Tower Paddle Boards has a tiered warranty policy for its boards
- 1 Year warranty for Starter Series (S-Class)
- 2 Year Warranty for Premium Series (Mermaid, Yachtsman, Adventure 2, iRace)
- 3 Year Warranty for Elite series (Xplorer and Xtreme)
What Customers Think
The Tower Xtreme is still a relatively new line so there are not a ton of customer testimonials and reviews out there just yet. But there are a few we found on the Tower website. Probably the comment that best sums it up goes as follows:
“The X-Class iSUPs are definitely a performance upgrade from other inflatable paddle boards I’ve tried. The added thickness makes a big difference in rigidity and speed. My only complaint is that it’s a bit heavy to carry around, but that’s to be expected with a board this sturdy I suppose. I’ve had a cheap board off Amazon and it was so flimsy that it was almost useless.”– Max Chenowith (Tower Customer)
“My partner and I love our Tower iSUP! We wanted a board that could handle our combined weight, and this one definitely does the trick.
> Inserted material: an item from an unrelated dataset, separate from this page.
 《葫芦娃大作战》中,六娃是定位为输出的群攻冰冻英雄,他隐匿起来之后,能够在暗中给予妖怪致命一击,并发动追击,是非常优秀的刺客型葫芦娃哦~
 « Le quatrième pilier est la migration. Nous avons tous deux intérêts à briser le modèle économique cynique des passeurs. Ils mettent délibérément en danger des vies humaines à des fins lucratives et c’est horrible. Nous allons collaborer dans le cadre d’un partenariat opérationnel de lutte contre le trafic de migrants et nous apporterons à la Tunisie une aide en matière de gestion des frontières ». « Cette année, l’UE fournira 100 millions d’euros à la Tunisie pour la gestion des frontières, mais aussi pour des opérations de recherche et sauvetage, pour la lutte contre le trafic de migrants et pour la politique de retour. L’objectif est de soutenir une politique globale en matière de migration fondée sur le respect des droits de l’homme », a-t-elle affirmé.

It’s super rigid and stable, and we love the faux teak boat decking look. Highly recommend for any tandem paddlers out there!”– Lila S. (Tower Customer)
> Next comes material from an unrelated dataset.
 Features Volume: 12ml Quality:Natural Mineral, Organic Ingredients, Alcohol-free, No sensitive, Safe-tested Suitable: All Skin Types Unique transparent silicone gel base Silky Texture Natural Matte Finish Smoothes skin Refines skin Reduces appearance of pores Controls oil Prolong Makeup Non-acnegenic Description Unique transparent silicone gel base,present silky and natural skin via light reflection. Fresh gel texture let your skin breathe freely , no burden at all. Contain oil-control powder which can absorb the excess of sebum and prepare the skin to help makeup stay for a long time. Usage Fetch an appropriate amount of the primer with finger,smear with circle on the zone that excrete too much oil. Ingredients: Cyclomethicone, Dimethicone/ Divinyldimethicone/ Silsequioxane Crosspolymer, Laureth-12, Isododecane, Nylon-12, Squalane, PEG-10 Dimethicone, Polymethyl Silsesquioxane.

As of now on the Tower website the Xtreme has a 4.67 customer rating out of 5.
Where to Buy the Tower Xtreme Paddle Board
The best place will be directly through Tower’s Website. Tower is one of the first direct-to-consumer websites that cut out the middle man.
Below are some boards that come to mind when comparing the Tower Xtreme SUP.
Gili Meno Series
The Gili Meno 11’6” is a 6” thick board that is 35” wide much like the Xplorer. The main difference is the Meno series offers more add-ons such as action mounts, extra deck bungees, Scotty Mounts, and a paddle holder. So if adding accessories is essential to you, the Meno is a decent pick. The Meno offers you the choice of 11’6” or 10’6” paddle boards.
iRocker Blackfin Model X
Like the Gili Meno 10’6”, the Model X has similar dimensions but is a bit heavier at 27 lbs. The board has a lot of accessory capabilities. The board is made of a triple-layer PVC and carbon side rails with reinforced seams. It’s an ideal board for anglers who crave accessory capabilities and stability on the water.